Mi papá viajaba una vez al mes, y cuando era la temporada alta dos veces. El viaje duraba, cuando era corto 10 días, cuando se alargaba podría incluso llegar a durar 18 días con sus respectivas y sufridas (por los zancudos) noches.
Cuando tenía nueve años nos acompañaba un ayudante. Cuando cumplí doce el ayudante era yo, y era necesario cargar y descargar el pickup que, como les mencioné, llevaba de todo.

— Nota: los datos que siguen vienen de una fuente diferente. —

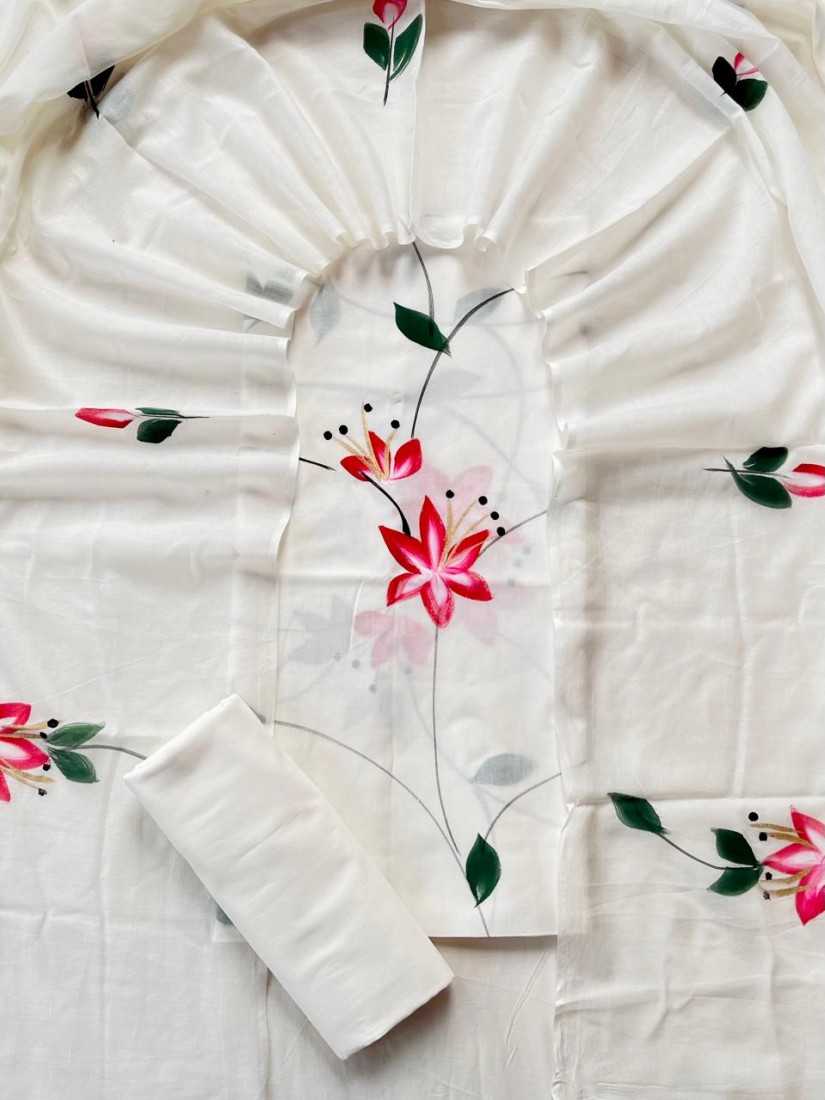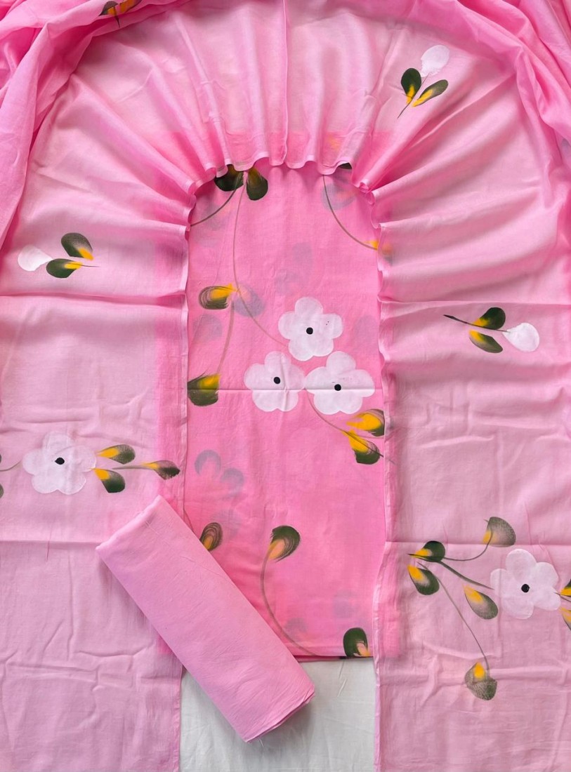 Unstitched Cotton Dress with Chiffon Dupatta

En esos días era necesario elaborar un formulario aduanero para ingresar los productos a Guatemala. Los productos debían ser originarios de El Salvador. Aquí es cuando conocí el contrabando. A mi papá le gustaba mucho la música. Le gustaba escucharla a todo volumen como buen pobre de origen rural. Nunca faltaron los "aparatos", o en su defecto las grabadoras, en los mesones, apartamentos o casas en las que vivimos. Tampoco en los carros. Parecía que mi papá no podía concebir la vida sin música, mucho menos un viaje tan largo. Por eso siempre compraba cassete grabados, que por aquella época estaban por todas las esquinas del centro de San Salvador. Compraba música de los Tigres del Norte, sus favoritas, de Los Caminantes, Las Jilgerillas, un tal Miguel Angel (artista salvadoreño), y cumbias, todo tipo de cumbias salvadoreñas y colombianas. Llevaba 10 o 20 cassetes grabados, nada extraño en esa época. Cierto día en un pueblo menos que perdido de Petén un cliente que compraba calcetines le preguntó si le podía vender los cassetes que llevaba. Mi papá como buen comerciante les puso precio y le vendió todos los que andaba, menos el de los Tigres del Norte. Ese día ganó cinco quetzales por cada cassete, el equivalante a diez colones. En total el negocio le había dejado cien colones. Nada mal. En esa época el dolar se cambiaba a cinco colones por dolar, así que medido en términos de dolares, se ganó veinte dolares. Este es un buen negocio, debió haber pensado. Por eso para el siguiente viaje llevaba 30 cassetes grabados con todo tipo de música. El mismo cliente los compró.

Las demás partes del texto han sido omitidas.